千駄木の古書ほうろうで同書のトークイベントをやるその前日に、同じく千駄木の谷根千記憶の蔵で「阿賀に生きる」「阿賀の記憶」の二本立てでの上映も行われた。
前置きが長くなったが、それに参加したので「阿賀に生きる」を観た。
かつて物流の要であった阿賀野川で舟を作り続けてきた遠藤さん、川沿いにある何百年も昔からある広い田んぼでコメを作る長谷川さん、大井町から帰郷し餅をつくる加藤さんの3人が主な登場人物。若かりしころの旗野さんも出てくる。時々フフフと笑えるような、暖かくてちょっとキュートなじぃさま、ばぁさまたち。そして時折挟まれる水俣病のはなし。遠藤さんの足の裏は感覚障害が残り、奥さんの手の甲はくにゃりと反ったまま。

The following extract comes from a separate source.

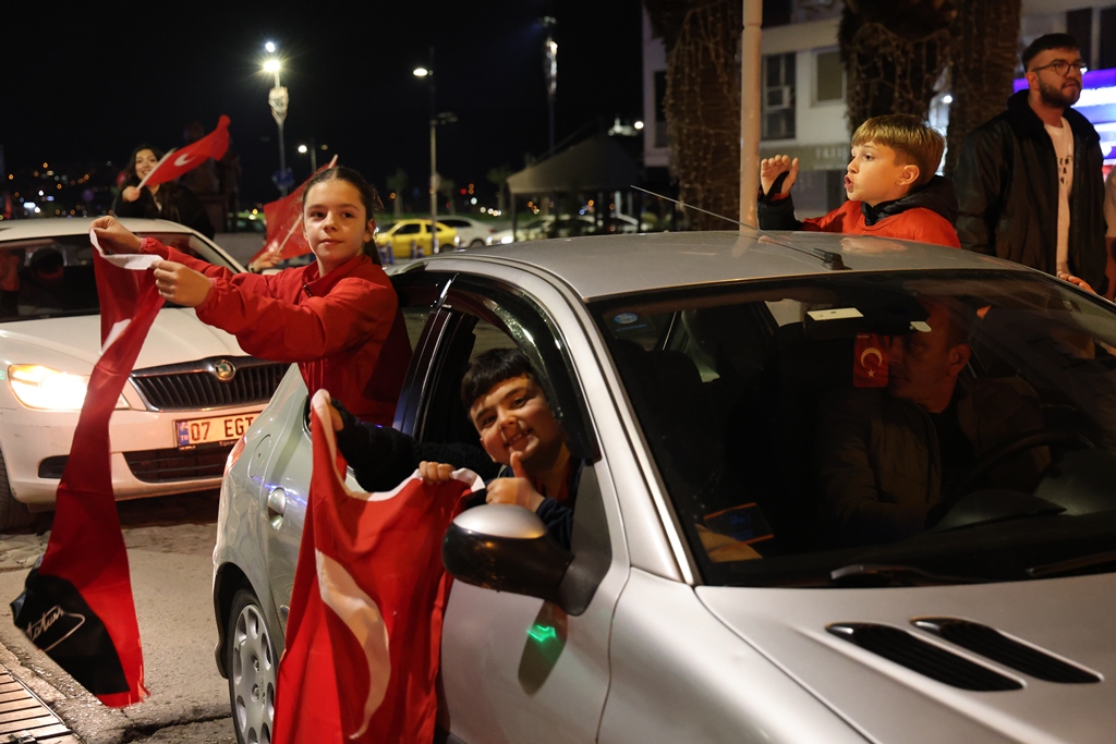 Araçları ile bölgeye gelen vatandaşların bir kısmı korna çalarak kutlamalara katılırken, bazı vatandaşlar ise ellerinde Türk bayrakları ile sevinç gösterisinde bulundu.

旗野さんは「水俣病と言えば熊本ばかりが注目され、石牟礼道子やユージンスミスのような人たちもそこで生まれた。新潟だって同じように苦しんだ。だから阿賀で何か作品を作りたかった」と言った。私は間違いなくこの映画が1番好きだ。苦しみの中で生きてきた人が守り抜いてきた日常はなんと尊いことだろう。なんと暖かいことだろう。